Segment Open
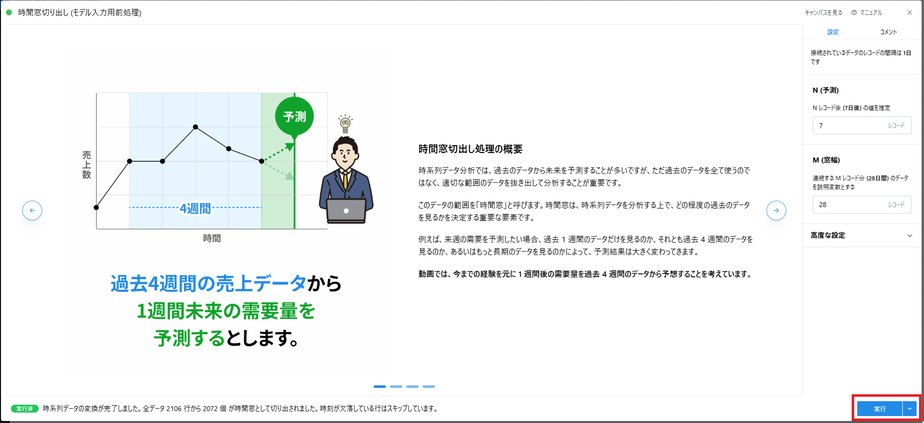 - 例えば、日次データにおいて7日後の値を予測するAIモデルを作成したい場合は、N を 7 に設定します。
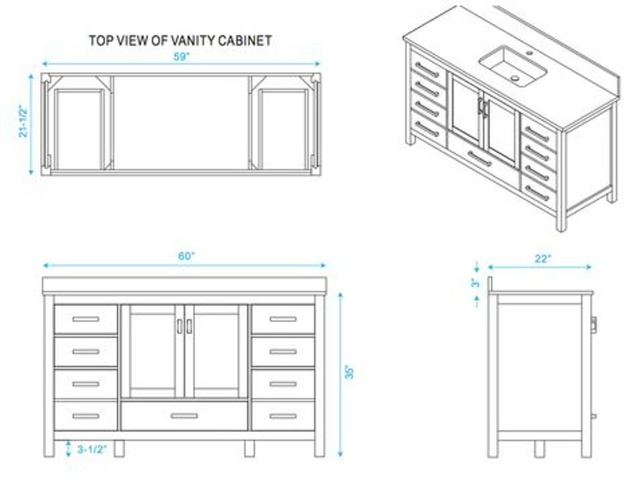 Vanity does not include the mirror, faucet, pop-up drain, back-splash or side-splash.
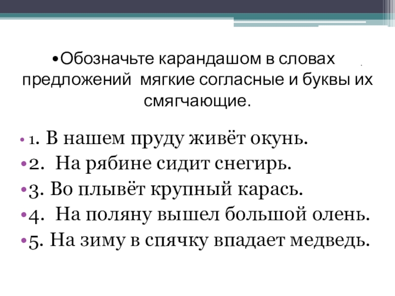 Обозначьте карандашом в словах предложений мягкие согласные и буквы их смягчающие.
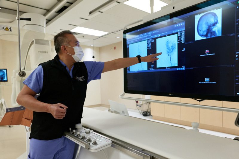 The suite includes new imaging equipment that allows interventional radiology teams to better understand what is happening in a patient’s arteries, veins, blood vessels and organs following a stroke or due to other injury or illness. The benefits include higher resolution and image quality, more flexibility, and a significant reduction in radiation exposure to both patients and staff during procedures.
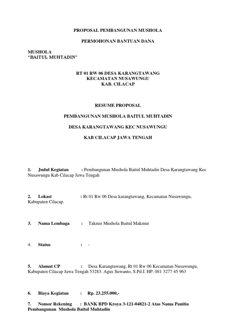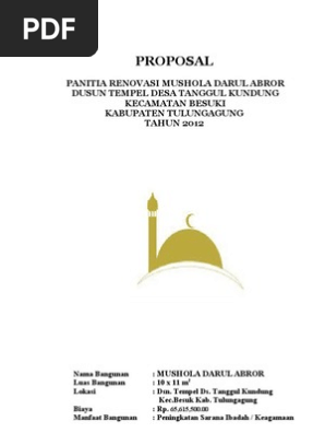 Contoh proposal pembangunan musholla al mustakim berikut ini merupakan proposal yang dapat anda jadikan referensi untuk membuat permohonan bantuan dana untuk pembangunan mushola. Contoh proposal pembangunan musholla al mustakim berikut ini merupakan proposal yang dapat anda jadikan referensi untuk membuat permohonan bantuan dana untuk pembangunan mushola. Nama Bangunan Luas Bangunan Lokasi Biaya Manfaat Bangunan.
Segment Closed
Write the lines above out again exactly, without any of their pictures.

**Response area**:
 - 例えば、日次データにおいて7日後の値を予測するAIモデルを作成したい場合は、N を 7 に設定します。
 Vanity does not include the mirror, faucet, pop-up drain, back-splash or side-splash.
 Обозначьте карандашом в словах предложений мягкие согласные и буквы их смягчающие.
 The suite includes new imaging equipment that allows interventional radiology teams to better understand what is happening in a patient’s arteries, veins, blood vessels and organs following a stroke or due to other injury or illness. The benefits include higher resolution and image quality, more flexibility, and a significant reduction in radiation exposure to both patients and staff during procedures.
 Contoh proposal pembangunan musholla al mustakim berikut ini merupakan proposal yang dapat anda jadikan referensi untuk membuat permohonan bantuan dana untuk pembangunan mushola. Contoh proposal pembangunan musholla al mustakim berikut ini merupakan proposal yang dapat anda jadikan referensi untuk membuat permohonan bantuan dana untuk pembangunan mushola. Nama Bangunan Luas Bangunan Lokasi Biaya Manfaat Bangunan.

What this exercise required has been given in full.